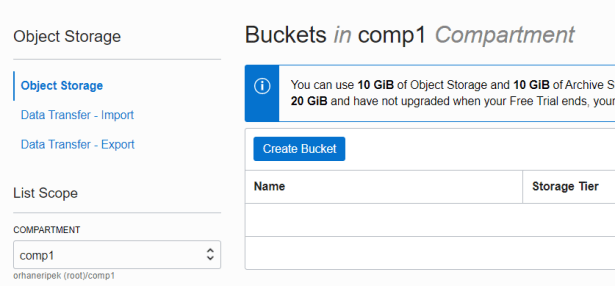 Let’s look at how to transfer data from our bucket in Object Storage to the tables under the sample schema in our Autonomous database. To do this, we first need to create a bucket.
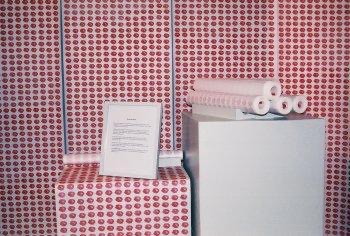 Image Description: Long sheets of paper with hundreds of red ostomy stamps line the wall and lay rolled up on two square metal boxes of different heights.
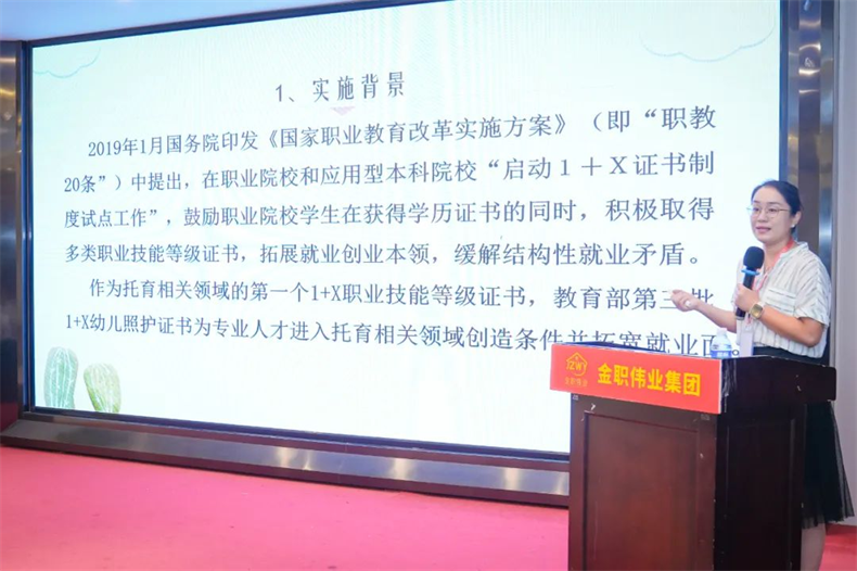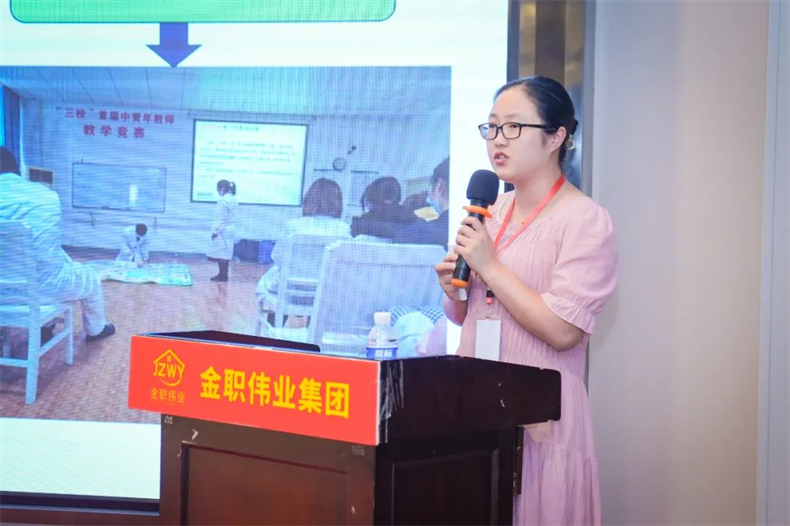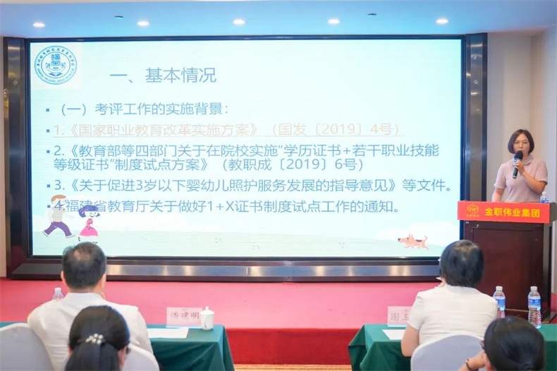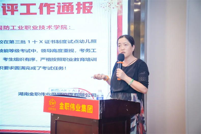 為貫徹落實(shí)《國家職業(yè)教育改革實(shí)施方案》和《關(guān)于在院校實(shí)施“學(xué)歷證書+若干職業(yè)技能等級證書”制度試點(diǎn)方案》有關(guān)精神,積極推動 1+X 證書制度試點(diǎn)幼兒照護(hù)職業(yè)技能等級證書工作實(shí)施,加強(qiáng)考評人員隊(duì)伍建設(shè)和管理,保障職業(yè)技能等級評價質(zhì)量,8月16日,金職偉業(yè)集團(tuán)有限公司(以下簡稱“金職偉業(yè)”)特舉辦第三期1+X幼兒照護(hù)典型案例分享座談會。金職偉業(yè)總經(jīng)理潘建明,永州職業(yè)技術(shù)學(xué)院護(hù)理學(xué)院院長、金職偉業(yè)特聘專家謝玉琳教授,金職偉業(yè)院校事業(yè)部副總監(jiān)易斌出席座談會。

----------

▸ Activity: Give back the data exactly. Skip any images.

▸ Solution to the problem:
 Let’s look at how to transfer data from our bucket in Object Storage to the tables under the sample schema in our Autonomous database. To do this, we first need to create a bucket.
 Image Description: Long sheets of paper with hundreds of red ostomy stamps line the wall and lay rolled up on two square metal boxes of different heights.
 為貫徹落實(shí)《國家職業(yè)教育改革實(shí)施方案》和《關(guān)于在院校實(shí)施“學(xué)歷證書+若干職業(yè)技能等級證書”制度試點(diǎn)方案》有關(guān)精神,積極推動 1+X 證書制度試點(diǎn)幼兒照護(hù)職業(yè)技能等級證書工作實(shí)施,加強(qiáng)考評人員隊(duì)伍建設(shè)和管理,保障職業(yè)技能等級評價質(zhì)量,8月16日,金職偉業(yè)集團(tuán)有限公司(以下簡稱“金職偉業(yè)”)特舉辦第三期1+X幼兒照護(hù)典型案例分享座談會。金職偉業(yè)總經(jīng)理潘建明,永州職業(yè)技術(shù)學(xué)院護(hù)理學(xué)院院長、金職偉業(yè)特聘專家謝玉琳教授,金職偉業(yè)院校事業(yè)部副總監(jiān)易斌出席座談會。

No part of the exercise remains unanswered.